▶ **Provided entries**
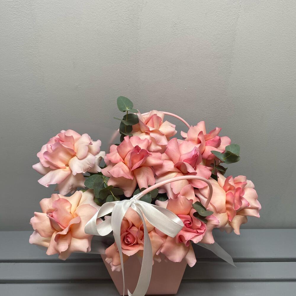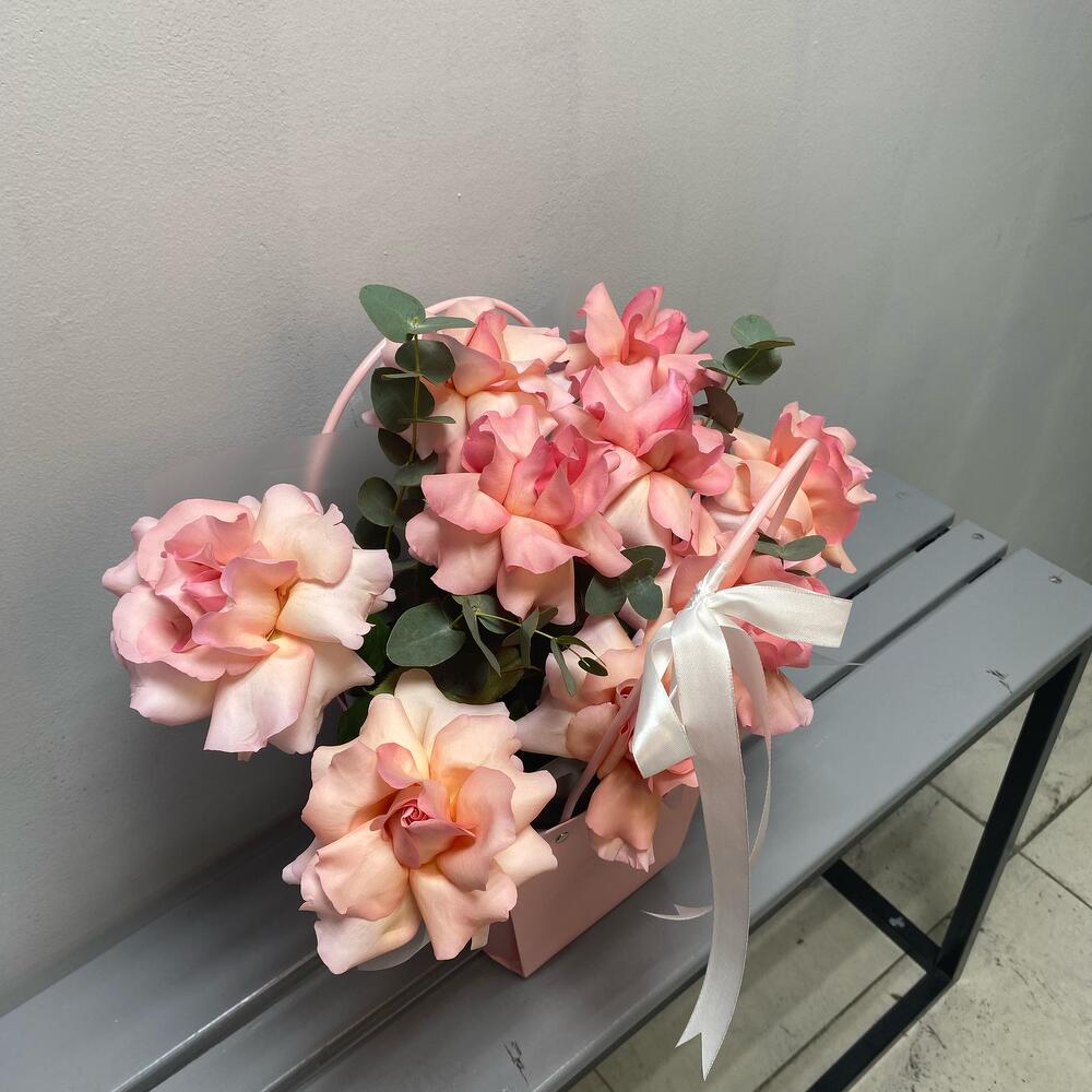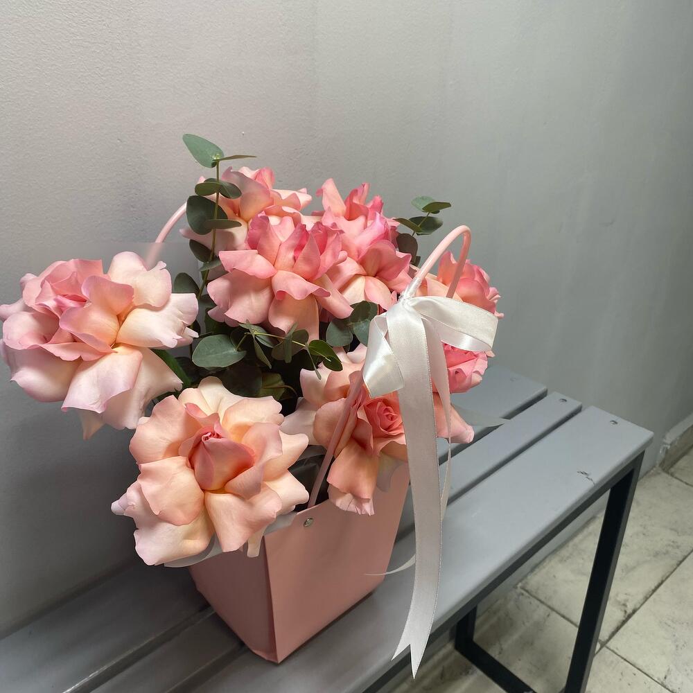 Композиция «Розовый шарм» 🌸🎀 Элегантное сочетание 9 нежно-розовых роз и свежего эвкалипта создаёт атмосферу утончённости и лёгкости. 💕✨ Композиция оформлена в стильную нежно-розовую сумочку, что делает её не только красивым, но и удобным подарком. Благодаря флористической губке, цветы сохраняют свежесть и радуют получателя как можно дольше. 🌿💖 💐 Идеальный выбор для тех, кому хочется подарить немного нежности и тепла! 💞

==

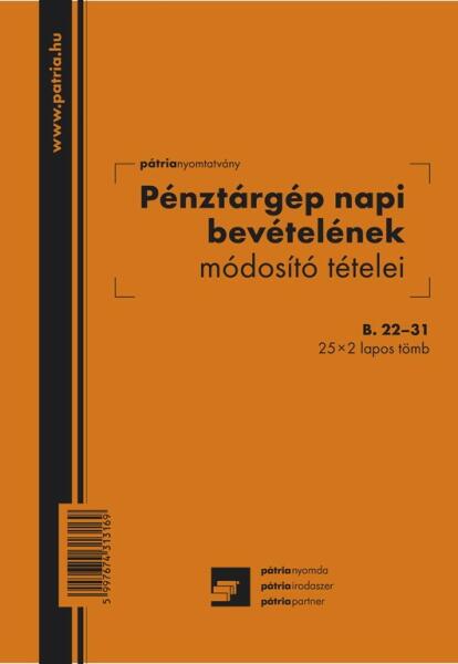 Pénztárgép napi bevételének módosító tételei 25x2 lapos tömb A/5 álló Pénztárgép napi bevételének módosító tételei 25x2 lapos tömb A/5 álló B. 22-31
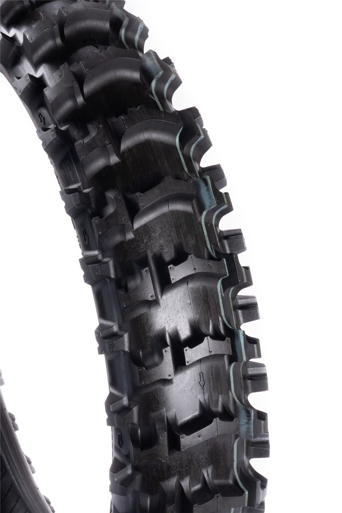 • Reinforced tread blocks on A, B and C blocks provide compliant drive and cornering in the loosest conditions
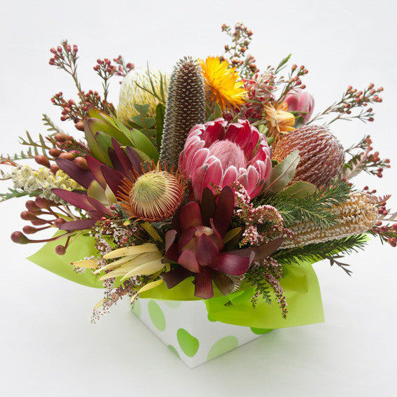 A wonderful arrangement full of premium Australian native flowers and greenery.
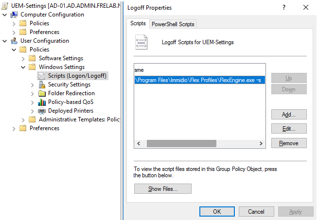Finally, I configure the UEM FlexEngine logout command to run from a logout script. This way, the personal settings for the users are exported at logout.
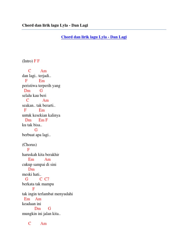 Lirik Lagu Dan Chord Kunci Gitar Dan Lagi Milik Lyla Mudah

---

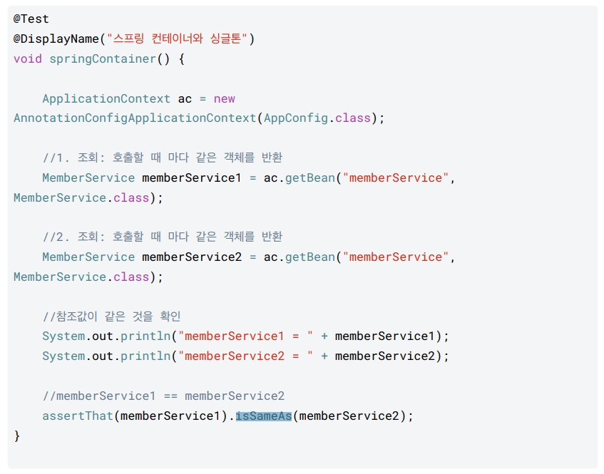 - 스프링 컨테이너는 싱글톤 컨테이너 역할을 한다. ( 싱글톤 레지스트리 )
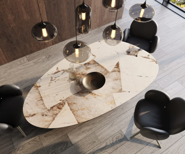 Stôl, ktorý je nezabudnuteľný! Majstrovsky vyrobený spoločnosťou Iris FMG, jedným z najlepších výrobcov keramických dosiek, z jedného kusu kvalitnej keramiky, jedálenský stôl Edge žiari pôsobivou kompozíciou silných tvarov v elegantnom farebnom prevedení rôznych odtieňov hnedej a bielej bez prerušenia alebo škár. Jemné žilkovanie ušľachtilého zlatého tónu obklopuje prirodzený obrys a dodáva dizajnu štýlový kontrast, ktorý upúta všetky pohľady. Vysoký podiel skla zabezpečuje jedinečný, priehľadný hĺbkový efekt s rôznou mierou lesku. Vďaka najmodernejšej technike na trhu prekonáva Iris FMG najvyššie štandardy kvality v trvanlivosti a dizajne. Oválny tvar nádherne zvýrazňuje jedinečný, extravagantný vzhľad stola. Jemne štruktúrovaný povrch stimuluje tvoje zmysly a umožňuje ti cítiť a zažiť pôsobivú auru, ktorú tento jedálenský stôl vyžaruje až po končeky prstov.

▶ **What is expected**
Every line above from the one with "Finally, I configure" down to the one with "Lirik Lagu Dan" must be written out exactly, and no picture may appear.

▶ **Answer section**
Finally, I configure the UEM FlexEngine logout command to run from a logout script. This way, the personal settings for the users are exported at logout.
 Lirik Lagu Dan Chord Kunci Gitar Dan Lagi Milik Lyla Mudah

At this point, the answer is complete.